Careful not to touch the food, he pushed her hand away. Hungry as he was, though his head was beginning to ache with hunger, he would never, never eat anything that had been touched by that hard red stuff that turned to goo. And that strange, greasy, flaky bread … Some folk said that Elvish bread was made by grinding men's bones to flour. What was that red goo then? He said; “Where be my pouch?”

“Never mind thy pouch. Eat something, be so good. It will no hurt thee, Per. Look.”

She pushed a small bowl to the edge of the tray. It was heaped full of small, whitish, rounded things, like a heap of large insect's eggs. He didn't know what they were, and they didn't look edible.

“And this be milk to go on them.” She touched a small jug.
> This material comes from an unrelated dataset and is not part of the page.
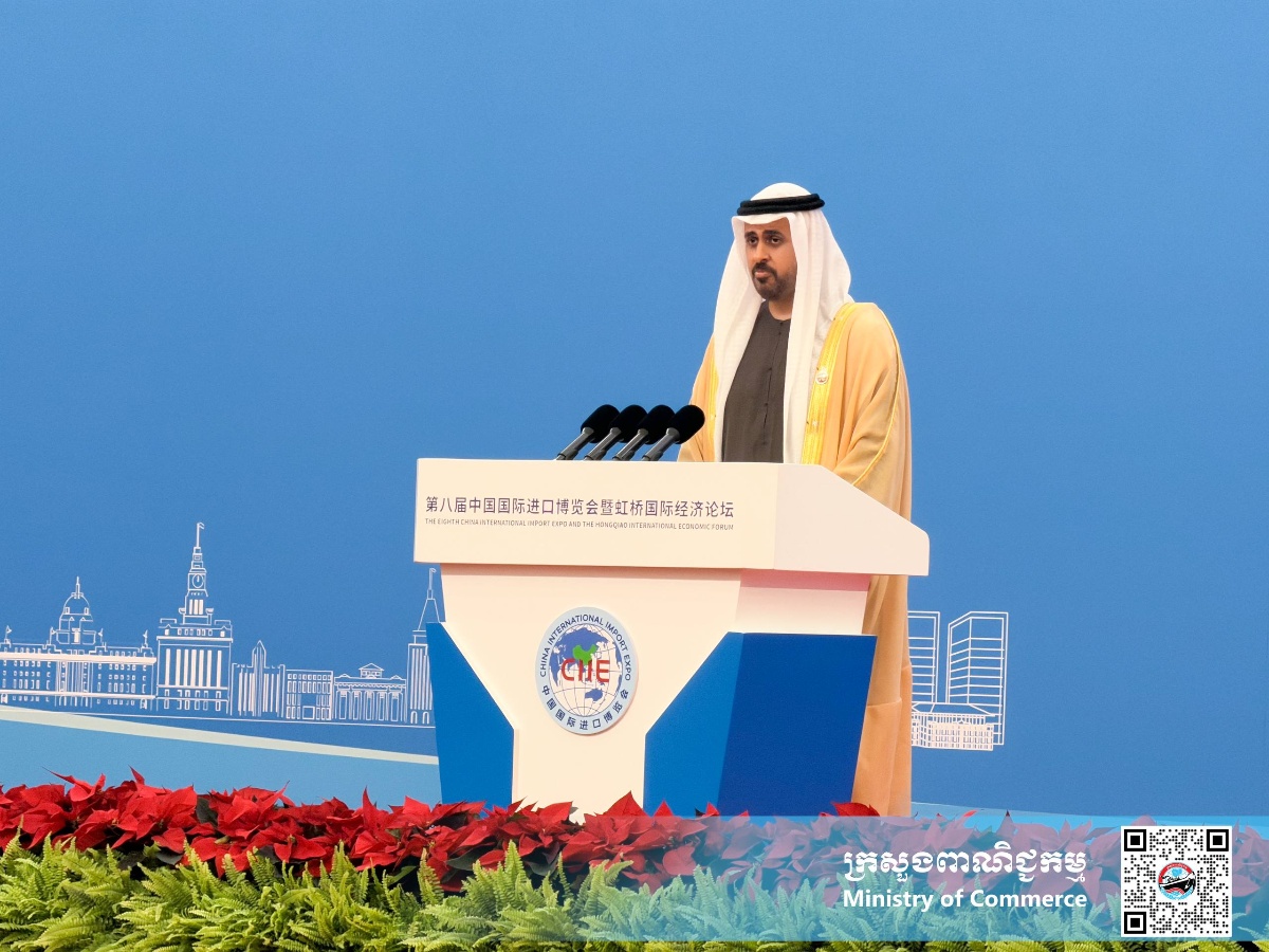 នាព្រឹកថ្ងៃពុធ ទី៥ ខែវិច្ឆិកា ឆ្នាំ២០២៥ ឯកឧត្តម សំហេង បូរ៉ា រដ្ឋលេខាធិការក្រសួងពាណិជ្ជកម្ម នៃព្រះរាជាណាចក្រកម្ពុជា បានអញ្ជើញចូលរួមក្នុងកម្មវិធីសម្ពោធជាផ្លូវការនៃព្រឹត្តិការណ៍ «ពិព័រណ៍នាំចូលអន្តរជាតិចិន លើកទី៨ - 8th China International Import Expo» នៅមជ្ឈមណ្ឌលសន្និបាត និងពិព័រណ៍ជាតិសៀងហៃ ទីក្រុងសៀងហៃ សាធារណរដ្ឋប្រជាមានិតចិន។

“Milk?” He leaned forward. The jug was full of a white liquid that looked very like milk. He put his nose down close to it, and for a moment Andrea thought she was going to get him to drink some milk at least.

Then he reared back, wrinkling his nose and saying,
“Milk?”

“Cow's milk, Per.”

He had drunk cow's milk very rarely. Goat's milk, and sheep's milk, often straight from the tit, were what he'd been raised on. He watched her pour the cow's milk over the insect's eggs. They bobbed and shifted, making popping, snapping noises, as if hatching. Per pulled a face and drew further back. Did the Elves really eat such scrapings?

He looked about the room, with all its brightness, the silver-­framed bed, its glass boxes and cloth on the floor. Was it all a glamor, fooling his eyes, while all the time he was lying on a heap of rags in a muddy cave? Some accounts of Elf-Land said that all the riches were nothing but glamor, and their feasts nothing but dry leaves and dung—and insect's eggs floating in cow's milk.

Andrea pushed the tall glass of orange juice toward him. “Try it. It be sweet. Tha'll like it.”

Per shook his head. The filled glass was beautiful. There was an old story about a beautiful woman whose tears were liquid gold, and it was as if she'd caught her tears in a glass. Never had he seen any liquid that color before. In the bright light that came in through the hole in the wall, it glowed. He wasn't sure that he'd ever seen anything of such a bright and glaring color.